Wichtigste Vorteile gegenüber herkömmlichen Verbundwerkstoffen
Im Vergleich zu den üblicherweise verwendeten Materialien für durchgemantelte Sicherungselemente bietet der doppelseitig eingelegte Verbundstreifen mehrere wichtige Vorteile.
1.Bessere mechanische Festigkeit und Vibrationsbeständigkeit
Die integrierte Kupferbasis sorgt für eine hohe strukturelle Stabilität. Gleichzeitig wird die Silber-Kupfer-Grenzfläche durch Diffusionsschweißen gebildet, wodurch eine metallurgische Verbindung zwischen den beiden Materialien entsteht. Dies trägt dazu bei, das Risiko von Festigkeitsverlusten und Delaminationen zu reduzieren und macht das Material geeignet für Anwendungen mit hohen Vibrations- und Zuverlässigkeitsanforderungen, wie beispielsweise in Elektrofahrzeugen.
2.Höhere Positionierungsgenauigkeit der Silberschicht
Das Einlegeverfahren ermöglicht die Kontrolle der Positionstoleranz der Silberschicht innerhalb von 0,3 mm. Diese hohe Präzision macht eine Verbreiterung der Silberschicht zur Kompensation von Verarbeitungsfehlern überflüssig und verbessert so die Silberausnutzung zusätzlich.
3.Geringere Gesamtkosten und höhere Verarbeitungseffizienz
Das Material ermöglicht die kontinuierliche Produktion langer Spulen und trägt so dazu bei, die Längen- und Gewichtsbeschränkungen einiger durchplattierter Bandfertigungsverfahren zu überwinden. Dies reduziert die Materialverarbeitungskosten und verbessert die Produktionseffizienz für nachgelagerte Sicherungshersteller.
Unterstützung einer effizienteren und nachhaltigeren Sicherungsindustrie
Das doppelseitig eingelegte Verbundmaterial für Sicherungselemente von Fuda Alloy wurde entwickelt, um die hervorragenden Sicherungseigenschaften von Silber beizubehalten und gleichzeitig den Silberverbrauch deutlich zu reduzieren. Es verbessert zudem die mechanische Festigkeit, die Positioniergenauigkeit und die Verarbeitungseffizienz.

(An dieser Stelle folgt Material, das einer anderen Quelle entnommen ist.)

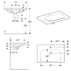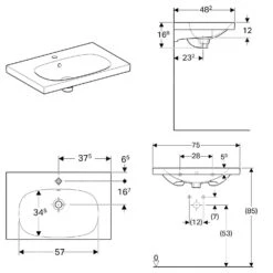Geberit Acanto – Wastafel 750×422 Mm, Met Kraangat En Overloop, Wit 500.632.01.2

Für Sicherungshersteller bietet diese Technologie eine praktische Möglichkeit, Leistung, Kosten und Nachhaltigkeit in Einklang zu bringen. In Anwendungen wie Elektrofahrzeugen, Photovoltaikanlagen, industriellen Steuerungssystemen und 5G-Kommunikationsgeräten unterstützt sie einen sichereren und zuverlässigeren Schaltungsschutz unter immer anspruchsvolleren Betriebsbedingungen.
Als Unternehmen, das sich auf elektrische Kontaktmaterialien und fortschrittliche Materiallösungen spezialisiert hat, setzt Fuda Alloy weiterhin auf technologiegetriebene Innovation. Wir haben uns verpflichtet, unseren Kunden weltweit zuverlässige, leistungsstarke und kosteneffiziente Materiallösungen für sicherere, umweltfreundlichere und effizientere elektrische Systeme anzubieten.